INSTRUCTIONS TO FOLLOW: From the line that contains "圖6. 藍紫色蝴蝶蘭雜交後代，常見花徑略小，花朵數少等問題。" to the final line of the records below, print each line exactly and leave every picture out.

• • • • •

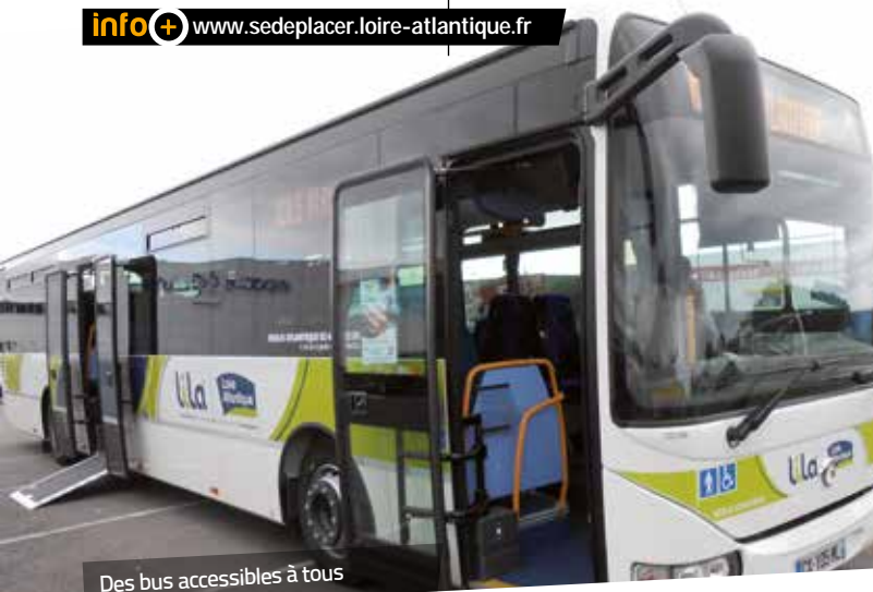
Des bus accessibles à tous

info+ www.sedeplacer.loire-atlantique.fr
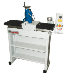
Soffietti di protezione Soufflets de protection Fuelles de protección
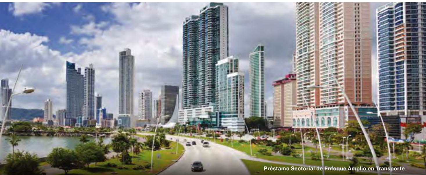
Préstamo Sectorial de Enfoque Amplio en Transporte
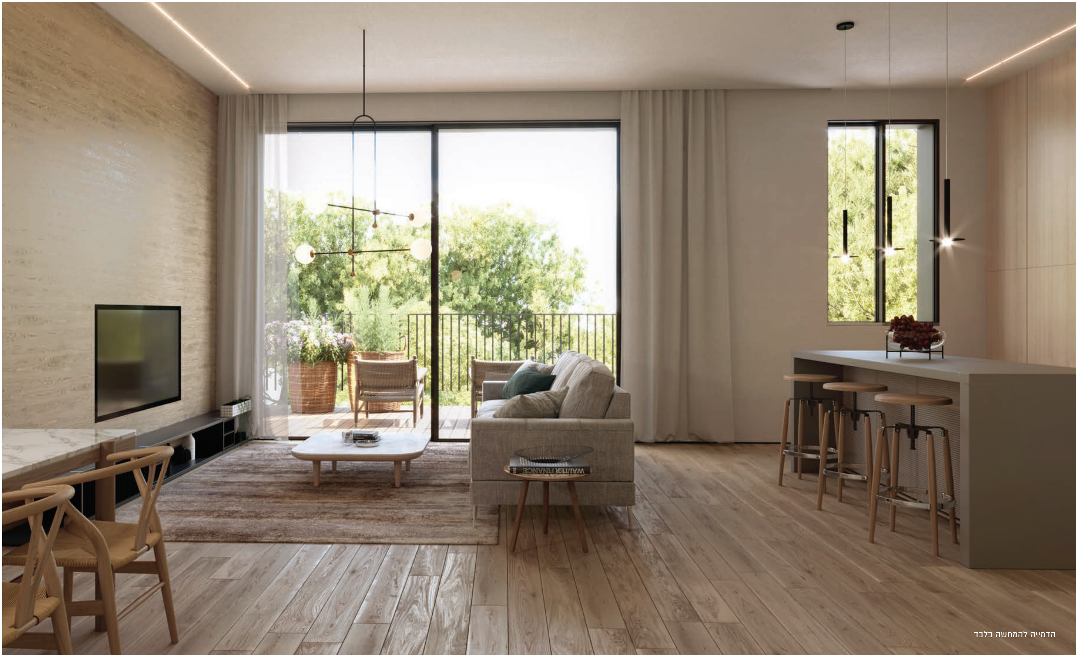
הדמייה להמחשה בלבד
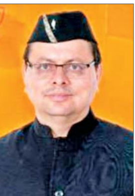
राज्य की स्थानीय अर्थव्यवस्था को मजबूती मिल रही है। मुख्यमंत्री पुष्कर सिंह धामी गुरुवार को मुख्यमंत्री आवास स्थित मुख्य सेवक सदन में आयोजित ओहो हिल यात्रा के चौथे संस्करण रजत से स्वर्ण

प्रमुख संवाददाता देहरादून। मुख्यमंत्री पुष्कर सिंह धामी ने कहा है कि सरकार ने प्रदेश की बरोजगारी दर में रिकॉर्ड 4.4 प्रतिशत की कमी लाकर राष्ट्रीय औसत को भी पीछे छोड़ने का काम किया है। सरकार की एक जनपद, दो उत्पाद योजना से स्थानीय आजीविका के अवसर बढ़ रहे हैं। इसके साथ ही 'हाउस ऑफ हिमालयाज' ब्रांड के माध्यम से हमारे पारंपरिक उत्पादों को राष्ट्रीय और अंतरराष्ट्रीय स्तर पर व्यापक पहचान मिल रही है। उन्होंने कहा कि स्टेट मिलेट मिशन, फार्म मशीनरी बैंक, एप्पल मिशन, नई पर्यटन नीति, नई फिल्म नीति, होम स्टे, वेड इन उत्तराखंड और सौर स्वरोजगार योजना जैसी पहलों से
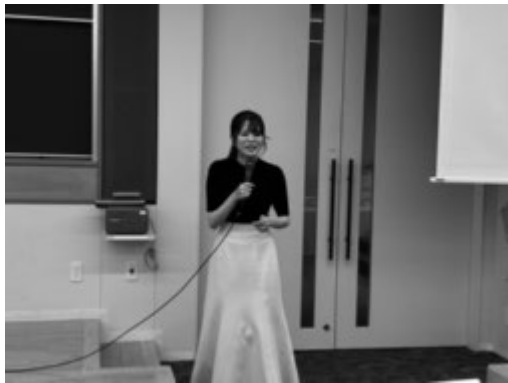
司会をする学生スタッフ
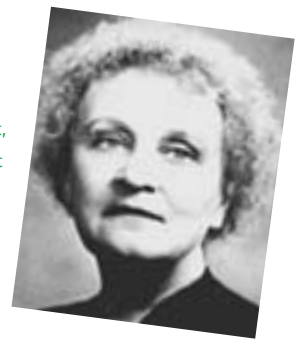
Helen Parkhurst, grondlegster van het Dalton onderwijs
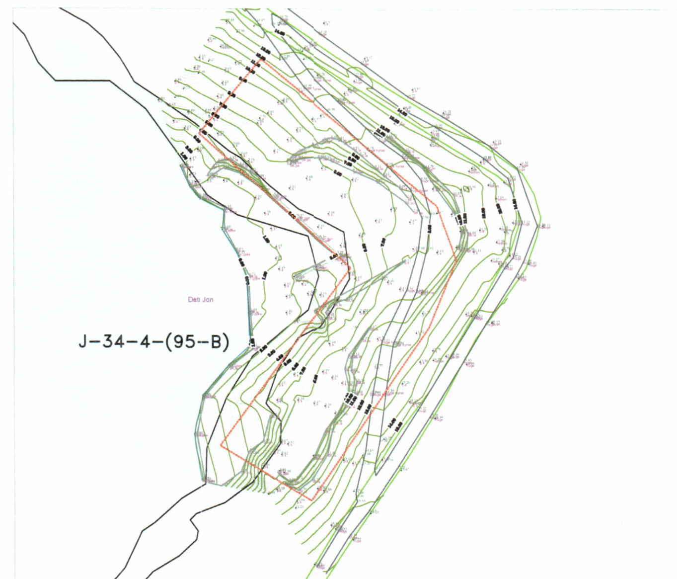
HARTA TOPOGRAFIKE SHK. 1:750
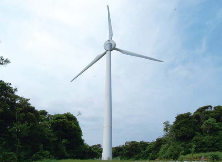
風力発電（芦辺町箱崎諸津触）
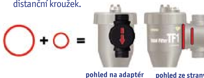
pohled na adaptér pohled ze strany

Pro montáž do svislého potrubí se směrem proudění shora dolů přidejte červený O-kroužek a červený distanční kroužek.
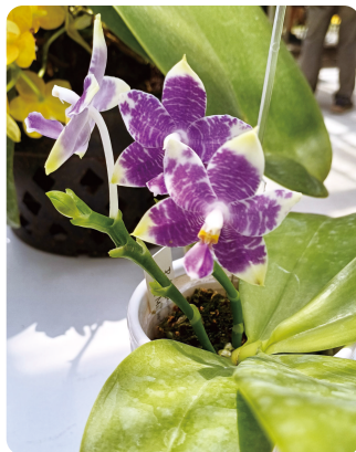
圖6. 藍紫色蝴蝶蘭雜交後代，常見花徑略小，花朵數少等問題。
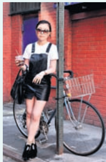
Stutt og leður á götum New York.
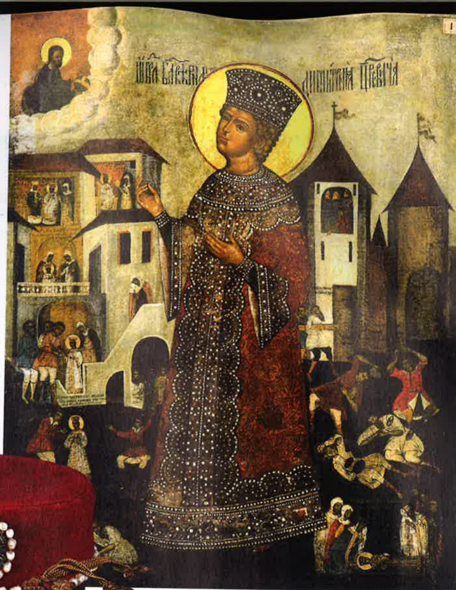
Царевич Дмитрий Углицкий. Икона. Вторая половина XVII века

В 1619-м Михаил Федорович встречал на въезде в Москву отца, освобожденного из польского плена и избранного
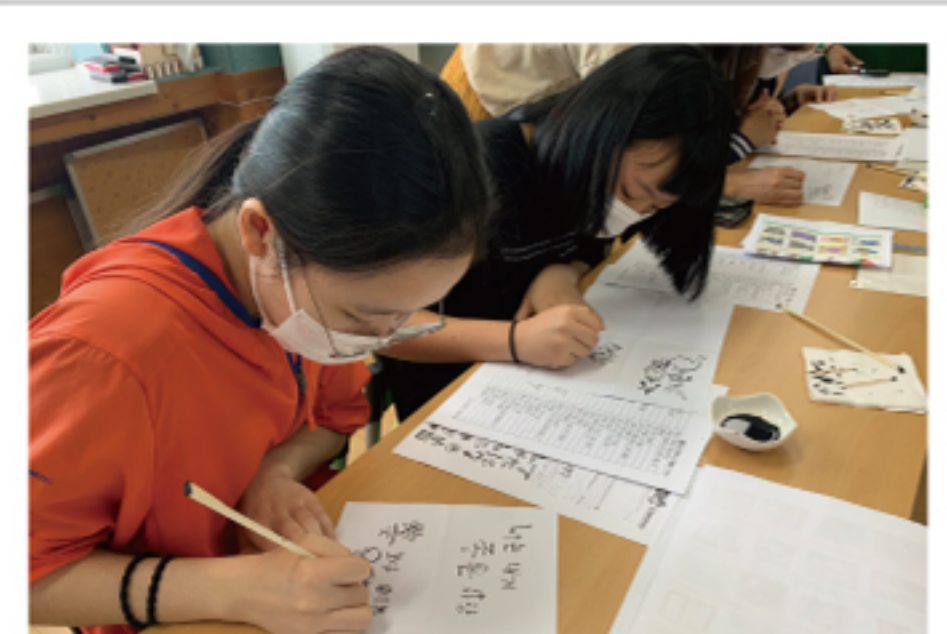
직업체험교실 - 캘리그래퍼

• • • • •

WORKED SOLUTION:
圖6. 藍紫色蝴蝶蘭雜交後代，常見花徑略小，花朵數少等問題。
Stutt og leður á götum New York.
Царевич Дмитрий Углицкий. Икона. Вторая половина XVII века

В 1619-м Михаил Федорович встречал на въезде в Москву отца, освобожденного из польского плена и избранного
직업체험교실 - 캘리그래퍼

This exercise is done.